A number of recent works have considered the trace reconstruction problem, in which an unknown source string x in {0,1}^n is transmitted through a probabilistic channel which may randomly delete coordinates or insert random bits, resulting in a trace of x. The goal is to reconstruct the original string x from independent traces of x. While the asymptotically best algorithms known for worst-case strings use exp(O(n^{1/3})) traces [De et al., 2017; Fedor Nazarov and Yuval Peres, 2017], several highly efficient algorithms are known [Yuval Peres and Alex Zhai, 2017; Nina Holden et al., 2018] for the average-case version of the problem, in which the source string x is chosen uniformly at random from {0,1}^n. In this paper we consider a generalization of the above-described average-case trace reconstruction problem, which we call average-case population recovery in the presence of insertions and deletions. In this problem, rather than a single unknown source string there is an unknown distribution over s unknown source strings x^1,...,x^s in {0,1}^n, and each sample given to the algorithm is independently generated by drawing some x^i from this distribution and returning an independent trace of x^i. Building on the results of [Yuval Peres and Alex Zhai, 2017] and [Nina Holden et al., 2018], we give an efficient algorithm for the average-case population recovery problem in the presence of insertions and deletions. For any support size 1 <= s <= exp(Theta(n^{1/3})), for a 1-o(1) fraction of all s-element support sets {x^1,...,x^s} subset {0,1}^n, for every distribution D supported on {x^1,...,x^s}, our algorithm can efficiently recover D up to total variation distance at most epsilon with high probability, given access to independent traces of independent draws from D. The running time of our algorithm is poly(n,s,1/epsilon) and its sample complexity is poly (s,1/epsilon,exp(log^{1/3} n)). This polynomial dependence on the support size s is in sharp contrast with the worst-case version of the problem (when x^1,...,x^s may be any strings in {0,1}^n), in which the sample complexity of the most efficient known algorithm [Frank Ban et al., 2019] is doubly exponential in s.

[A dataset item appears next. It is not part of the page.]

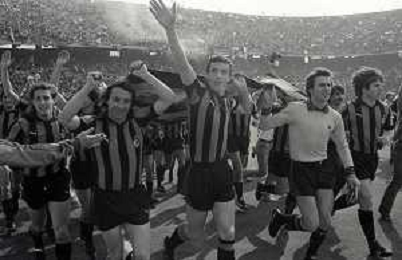 NEG-27-04-1980 MILANO CAMPIONATO DI CALCIO SERIE A INTER -ROMA 2-2 LA SQUADRA DELL'INTER FESTEGGIA LA VITTORIA DELLO SCUDETTO GIAMPIERO MARINI-GRAZIANO BINI-IVANO BORDON FOTO ENRICO LIVERANI-AG ALDO LIVERANI SAS

Frank Ban, Xi Chen, Rocco A. Servedio, and Sandip Sinha. Efficient Average-Case Population Recovery in the Presence of Insertions and Deletions. In Approximation, Randomization, and Combinatorial Optimization. Algorithms and Techniques (APPROX/RANDOM 2019). Leibniz International Proceedings in Informatics (LIPIcs), Volume 145, pp. 44:1-44:18, Schloss Dagstuhl – Leibniz-Zentrum für Informatik (2019)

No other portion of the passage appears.